A FORMER north Cumbrian French teacher whose 44-year career saw her work at six schools has finally been awarded a degree – more than 50 years after she qualified.

Sandy Kinvig, 74, began her teaching career in 1968 at Irthing Valley School in Brampton before she then joined the languages department at Trinity School in Carlisle, where she worked from 1978 to 1994.

Incredibly, her three years of tough professional training at Westminster College in Oxford earned her and fellow education students only a “Certificate of Education” and not – as later became the norm – a degree.

Officials at the college recently decided to rectify that, finally recognising that the study done by student teachers in those years would today earn students a degree.

Thus officials at her old college – now Oxford Brookes University – have awarded BA degrees to hundreds of former student teachers, including Sandy,

The mum-of-four, who now lives in Birmingham, was among 200 former student teachers who travelled to Oxford on Saturday to don their mortar boards and gowns so they could formally graduate.

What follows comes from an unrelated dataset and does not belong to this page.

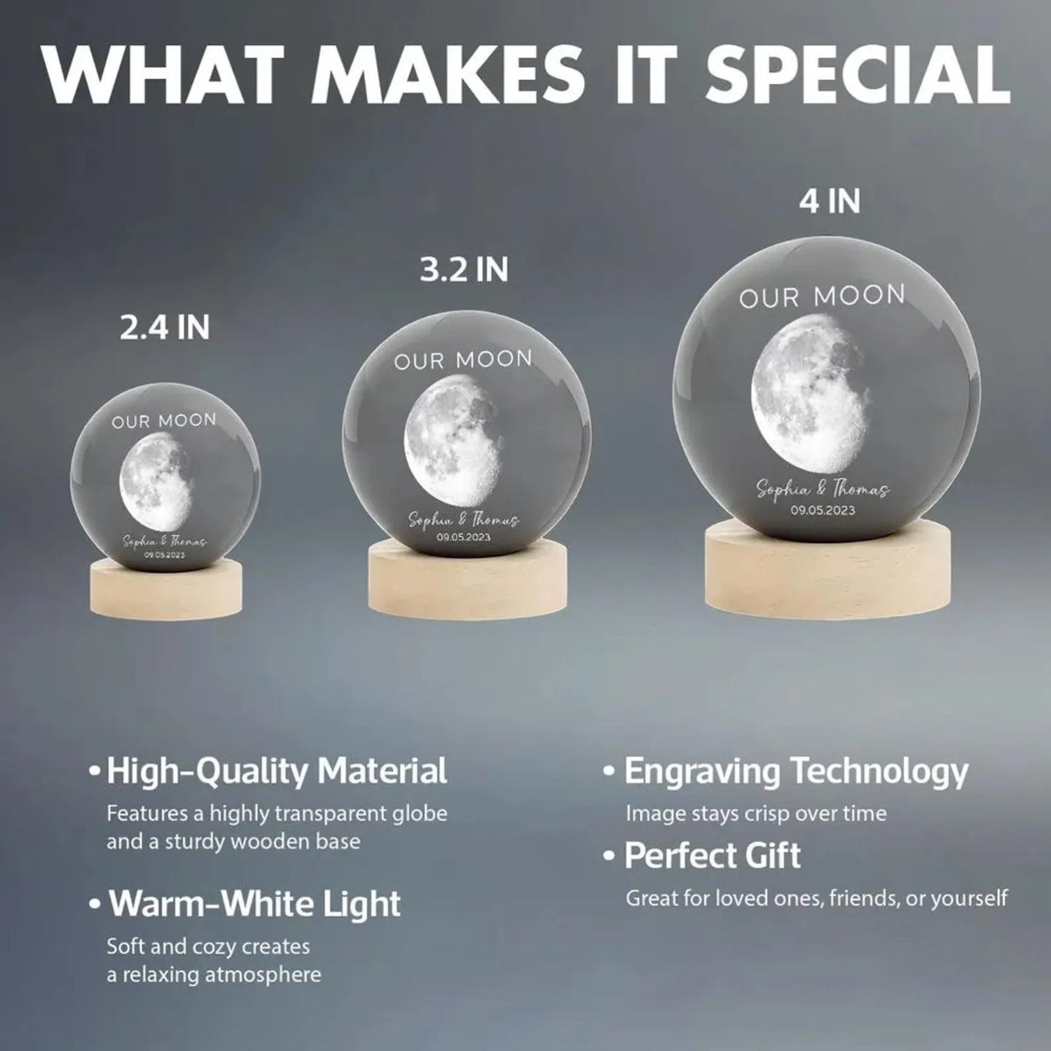 Make your big news shine with our Custom Photo Crystal Ball Night Light, a meaningful and unforgettable way to announce a pregnancy. Personalized with your chosen photo, this crystal ball night light uses precision 3D laser engraving to transform a precious image into a glowing keepsake filled with love and emotion.

“I studied for three years – but all we got was a Certificate of Education through the post,” said Sandy, who was Head of French at Irthing Valley School. “People who’d got a ‘Cert Ed’ were considered very much the poor relation compared to those with a degree. But we’d done three years of hard grind, learning what makes children tick. When they made the profession all-graduate, they used the same syllabus we’d used; taught the same materials and set the same exam papers.

“But those later students got a BA while we got a cheaper version.” Oxford Brookes had wanted to stage a graduation last year but the pandemic scuppered that plan.

Looking back on the graduation ceremony on Saturday, Sandy said: “It was absolutely amazing.”

During her three years of study - six months of which was spent in Paris - Sandy only missed only three lectures: one as she lost track of time watching Buddy Holly perform in the student common room; one as she was queuing for tickets to see ballet stars Margo Fonteyn and Rudolf Nureyev in Oxford; and finally when she queued to see Richard Burton and Elizabeth Taylor during a visit to Oxford.